START Source information
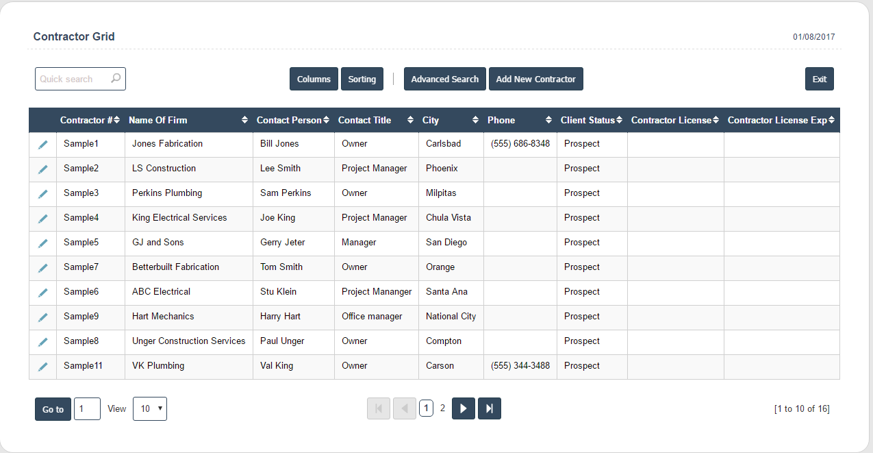 Displays a list of contractors entered into SuretyPro. List can be sorted, filtered, and searched to locate your contractor.
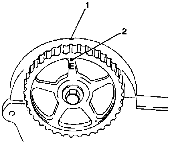 IMPORTANT: There are two sets of timing marks which must be aligned to ensure the correct engine timing belt installation. A notch in the camshaft timing belt gear designed as E must be aligned with the notch in the cylinder head cover. A punch mark on the crankshaft timing belt gear should then align with the arrow in the oil pump casting. Ensure alignment of both sets of marks prior to the timing belt removal to ensure correct timing belt installation and engine timing.
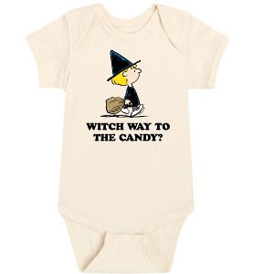 Peanuts - Witch Way To The Candy - Infant Baby One Piece - From the best-loved comic strip in history comes officially licensed PEANUTS apparel for fans everywhere. Show your love for Charlie Brown, Snoopy, Woodstock, Lucy, Linus, Pigpen and the whole gang. Copyright Peanuts.
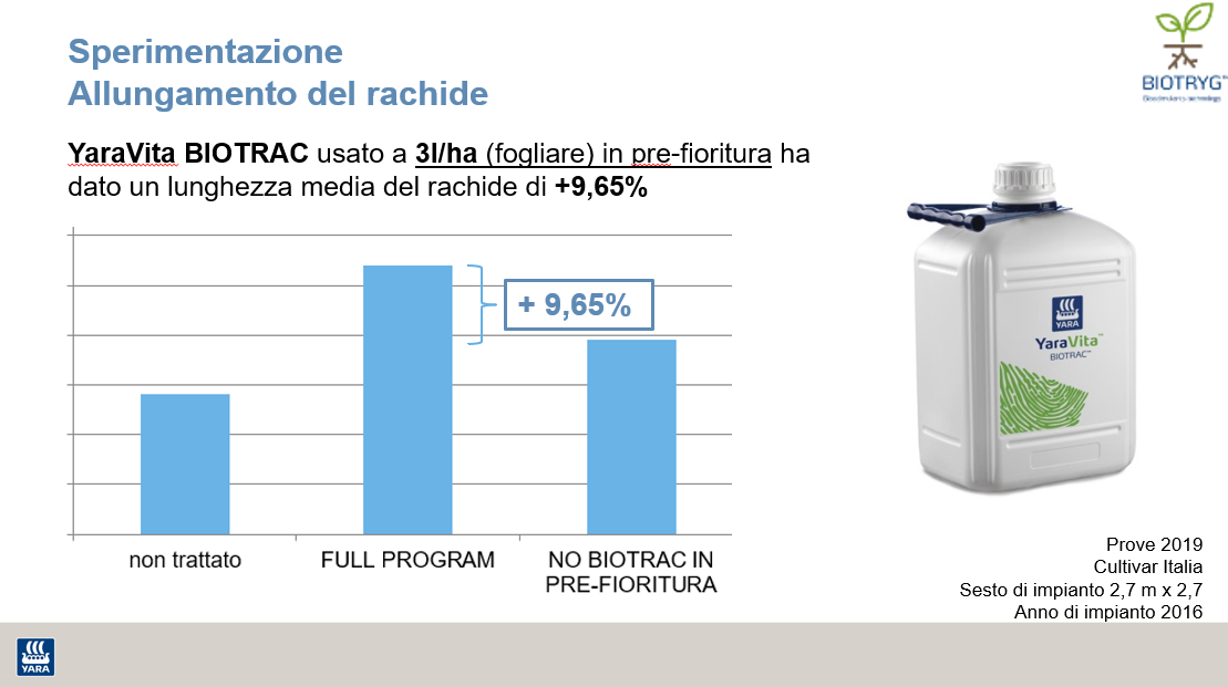 La soluzione Yara prevede l’utilizzo in pre-fioritura di YaraVita BIOTRAC, ottenuto dall’esperienza Yara nella formulazione di prodotti fogliari sicuri ed efficaci unita alle proprietà degli ingredienti bioattivi estratti da Ascophyllum Nodosum.
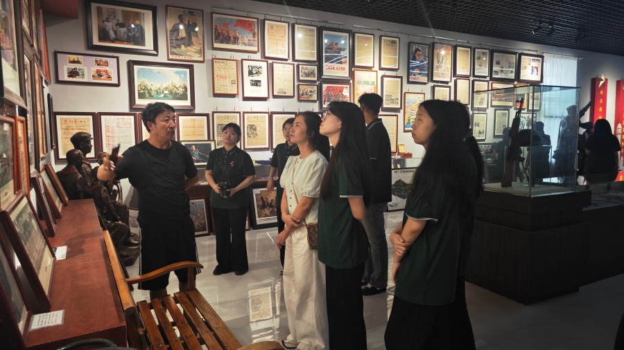 赓续精神血脉,追寻红色记忆。实践团还深入库伦旗道老都红色记忆展馆参观学习,展馆分为七个展区,馆藏藏品7900余件,展示了各族人民在党的领导下百年奋斗历程和库伦旗各族人民共同团结奋斗共同繁荣发展的生动局面。在馆长韩军的引领下,成员们观看了馆内陈列的报刊、书籍、版画等,仿佛置身于那段历史之中。成员们纷纷表示深刻体会到了中国共产党一路走来的无数艰险和磨难,也懂得了作为中华儿女,应铭记历史,居安思危,厚积薄发,要有甘于奉献,传承红色基因的责任与担当!
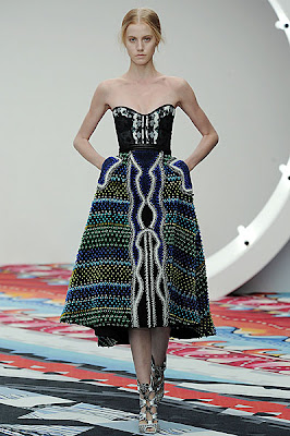 David Koma has come a long way since Cheryl Cole debuted his UFO-like, round top dress on the X Factor a couple of years ago. So far, in fact, that he is paving the way for new trends for next spring/summer, namely the honey comb design. He works in colour, but not crazy clashes, usually sticking to primary hues like this green and blue palette. And he referenced the Olympics by taking inspiration from tennis players... the most fashionable ones, obvs!
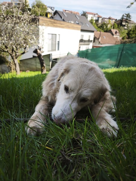 Raffi ist ein bald 4-jähriger Golden Retrieverrüde mit einer Schulterhöhe von circa 65 cm und einem Gewicht von 34 Kilo. Raffi hat schon viel gelernt auf seiner Pflegestelle und ist gut in Hundebegegnungen, an der Leine, im Alleinebleiben, fährt im Auto mit, ist stubenrein, kann Treppen steigen und ist sowieso gut verträglich mit seinen Artgenossen. Wenn Raffi Vertrauen zu seinen Menschen hat steht Bürsten und ein Besuch beim Tierarzt nichts im Wege. Dieses Vertrauen müssen neue Menschen aber erst aufbauen. Wenn Raffi sich eingelebt hat ist er ein fröhlicher, aufgeweckter Hund, der es liebt sich an seinen Menschen zu binden. Raffi ist kastriert, gechipt, geimpft und besitzt einen EU-Heimtierausweiß. Wir wünschen uns für Raffi gerne schon etwas Hundeerfahrene Menschen, die dem Rüden anfangs Sicherheit geben können. Kinder sollten schon im Teenageralter sein. Mit Raffi bekommt man einen tollen Begleiter an die Seite, der anfangs einfach etwas Zeit braucht. Für mehr Informationen melden Sie sich gerne bei uns.
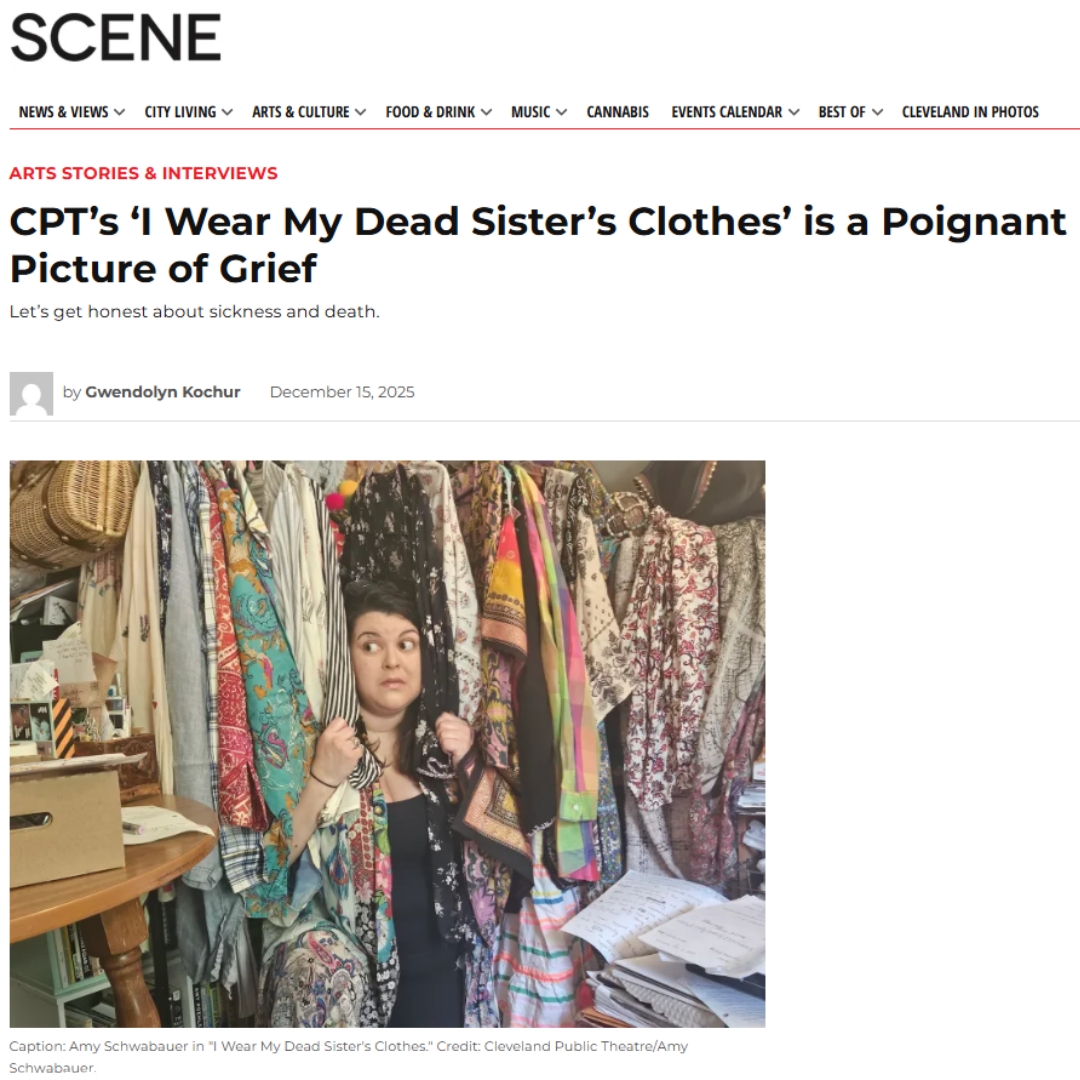 Cleveland Scene: https://www.clevescene.com/arts/arts-stories-and-interviews/cpts-i-wear-my-dead-sisters-clothes-is-a-poignant-picture-of-grief/
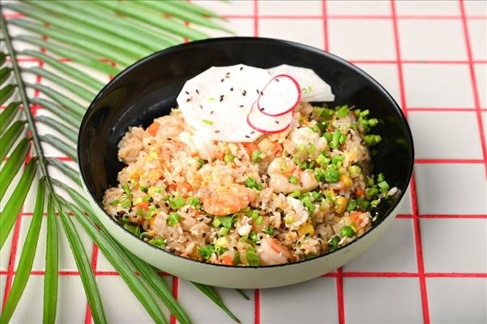 Классическое блюдо тайской кухни. Обжаренный рис с добавлением яйца, овощей, креветок. Подается с кусочком лайма.
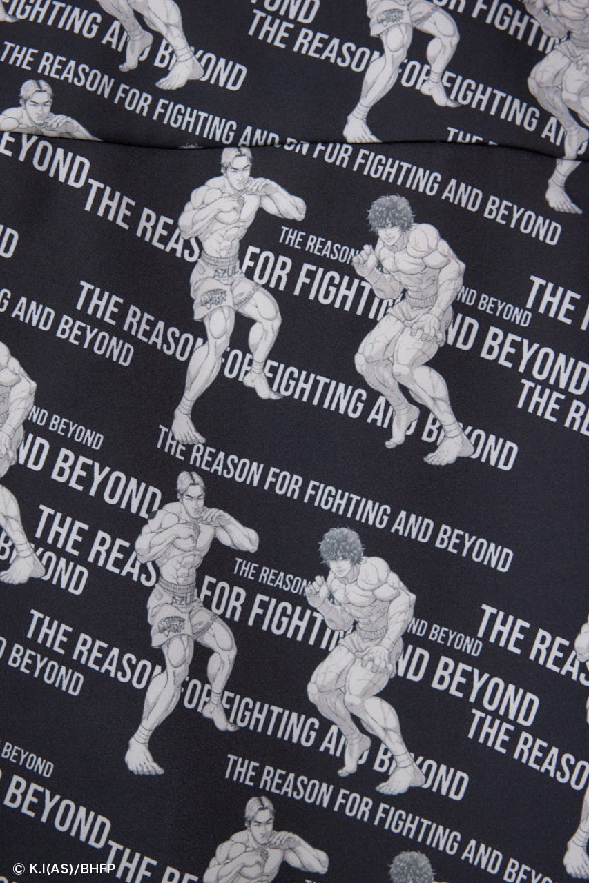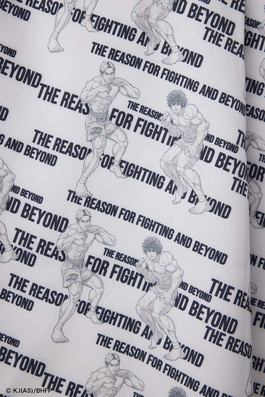 刃牙作者の板垣先生書下ろしの範馬刃牙×朝倉未来さん総柄デザインが入っており、高見えさせる1着となっております。
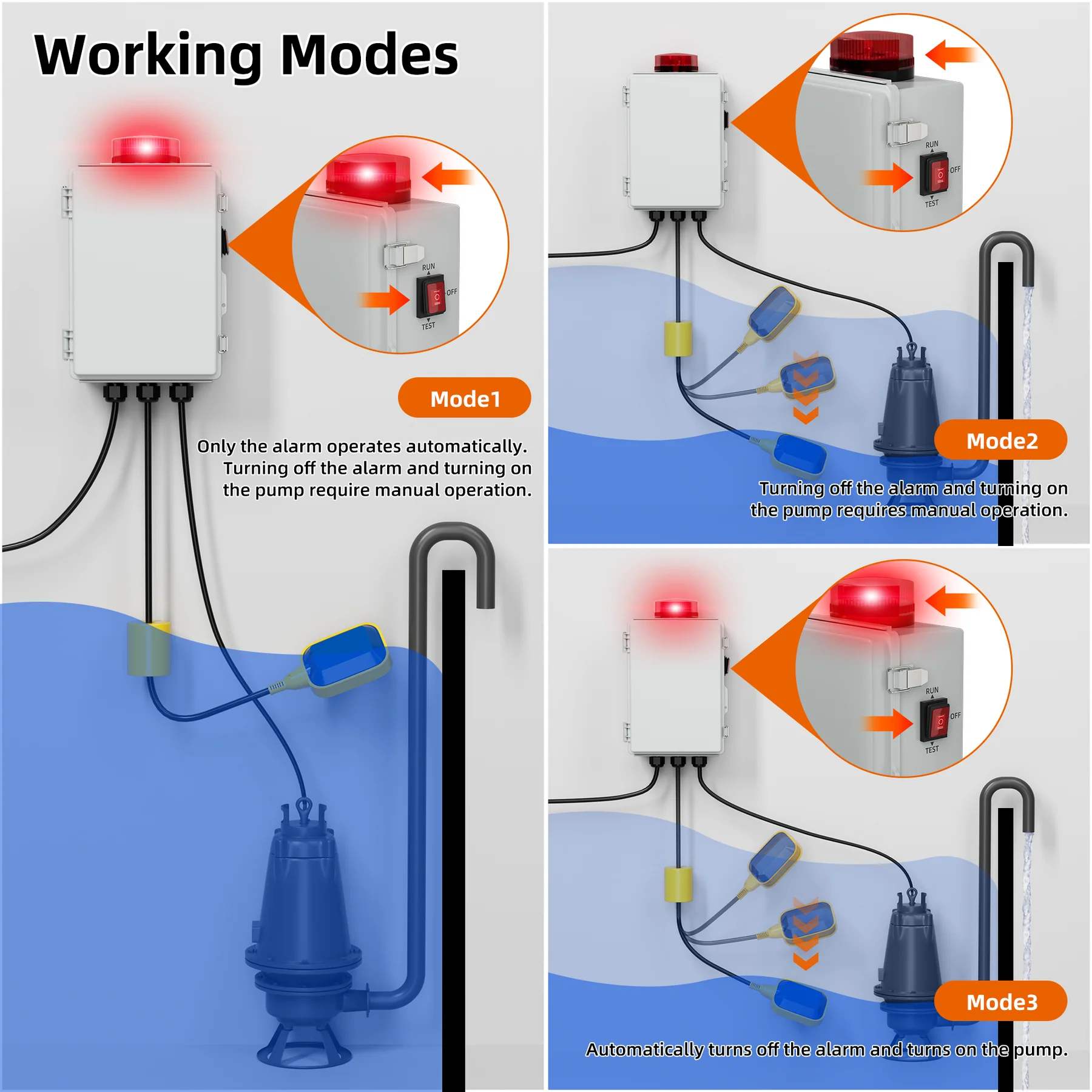 【Sokoldalú működési módok】- A szivattyú-vezérlő rendszer rugalmas üzemmódokat kínál a különféle igényekhez. Az 1. mód automatikusan aktiválja a riasztást, de kézi szivattyú -működést igényel, ahogy a képek részletezik. A 2. módhoz a riasztás és a szivattyú bekapcsolásához a kézi szivattyú működése szükséges. A 3. mód automatikusan vezérli a szivattyút, és a vízszint alapján bekapcsolja a riasztást.
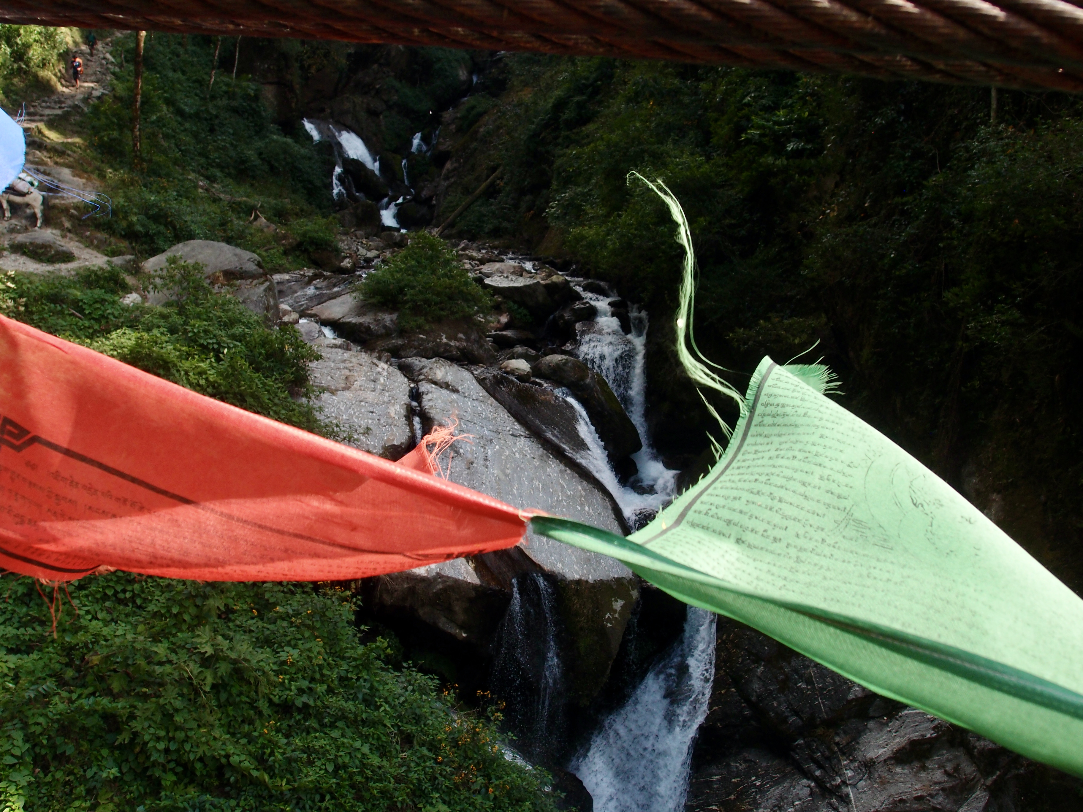 The worst was yet to come, because at the moment we could see our final destination the path was nowhere to be found. The floods in the beginning of October had flushed away part of the path, and the other parts were completely overgrown. Our whole crew was getting their Ghorka’s from their sheaths with grins on their face. Happy to use them.
END Source information
## Work required:
Copy out the material above in full and exactly; its pictures are not to appear.

## Worked solution:
 Displays a list of contractors entered into SuretyPro. List can be sorted, filtered, and searched to locate your contractor.
 IMPORTANT: There are two sets of timing marks which must be aligned to ensure the correct engine timing belt installation. A notch in the camshaft timing belt gear designed as E must be aligned with the notch in the cylinder head cover. A punch mark on the crankshaft timing belt gear should then align with the arrow in the oil pump casting. Ensure alignment of both sets of marks prior to the timing belt removal to ensure correct timing belt installation and engine timing.
 Peanuts - Witch Way To The Candy - Infant Baby One Piece - From the best-loved comic strip in history comes officially licensed PEANUTS apparel for fans everywhere. Show your love for Charlie Brown, Snoopy, Woodstock, Lucy, Linus, Pigpen and the whole gang. Copyright Peanuts.
 La soluzione Yara prevede l’utilizzo in pre-fioritura di YaraVita BIOTRAC, ottenuto dall’esperienza Yara nella formulazione di prodotti fogliari sicuri ed efficaci unita alle proprietà degli ingredienti bioattivi estratti da Ascophyllum Nodosum.
 赓续精神血脉,追寻红色记忆。实践团还深入库伦旗道老都红色记忆展馆参观学习,展馆分为七个展区,馆藏藏品7900余件,展示了各族人民在党的领导下百年奋斗历程和库伦旗各族人民共同团结奋斗共同繁荣发展的生动局面。在馆长韩军的引领下,成员们观看了馆内陈列的报刊、书籍、版画等,仿佛置身于那段历史之中。成员们纷纷表示深刻体会到了中国共产党一路走来的无数艰险和磨难,也懂得了作为中华儿女,应铭记历史,居安思危,厚积薄发,要有甘于奉献,传承红色基因的责任与担当!
 David Koma has come a long way since Cheryl Cole debuted his UFO-like, round top dress on the X Factor a couple of years ago. So far, in fact, that he is paving the way for new trends for next spring/summer, namely the honey comb design. He works in colour, but not crazy clashes, usually sticking to primary hues like this green and blue palette. And he referenced the Olympics by taking inspiration from tennis players... the most fashionable ones, obvs!
 Raffi ist ein bald 4-jähriger Golden Retrieverrüde mit einer Schulterhöhe von circa 65 cm und einem Gewicht von 34 Kilo. Raffi hat schon viel gelernt auf seiner Pflegestelle und ist gut in Hundebegegnungen, an der Leine, im Alleinebleiben, fährt im Auto mit, ist stubenrein, kann Treppen steigen und ist sowieso gut verträglich mit seinen Artgenossen. Wenn Raffi Vertrauen zu seinen Menschen hat steht Bürsten und ein Besuch beim Tierarzt nichts im Wege. Dieses Vertrauen müssen neue Menschen aber erst aufbauen. Wenn Raffi sich eingelebt hat ist er ein fröhlicher, aufgeweckter Hund, der es liebt sich an seinen Menschen zu binden. Raffi ist kastriert, gechipt, geimpft und besitzt einen EU-Heimtierausweiß. Wir wünschen uns für Raffi gerne schon etwas Hundeerfahrene Menschen, die dem Rüden anfangs Sicherheit geben können. Kinder sollten schon im Teenageralter sein. Mit Raffi bekommt man einen tollen Begleiter an die Seite, der anfangs einfach etwas Zeit braucht. Für mehr Informationen melden Sie sich gerne bei uns.
 Cleveland Scene: https://www.clevescene.com/arts/arts-stories-and-interviews/cpts-i-wear-my-dead-sisters-clothes-is-a-poignant-picture-of-grief/
 Классическое блюдо тайской кухни. Обжаренный рис с добавлением яйца, овощей, креветок. Подается с кусочком лайма.
 刃牙作者の板垣先生書下ろしの範馬刃牙×朝倉未来さん総柄デザインが入っており、高見えさせる1着となっております。
 【Sokoldalú működési módok】- A szivattyú-vezérlő rendszer rugalmas üzemmódokat kínál a különféle igényekhez. Az 1. mód automatikusan aktiválja a riasztást, de kézi szivattyú -működést igényel, ahogy a képek részletezik. A 2. módhoz a riasztás és a szivattyú bekapcsolásához a kézi szivattyú működése szükséges. A 3. mód automatikusan vezérli a szivattyút, és a vízszint alapján bekapcsolja a riasztást.
 The worst was yet to come, because at the moment we could see our final destination the path was nowhere to be found. The floods in the beginning of October had flushed away part of the path, and the other parts were completely overgrown. Our whole crew was getting their Ghorka’s from their sheaths with grins on their face. Happy to use them.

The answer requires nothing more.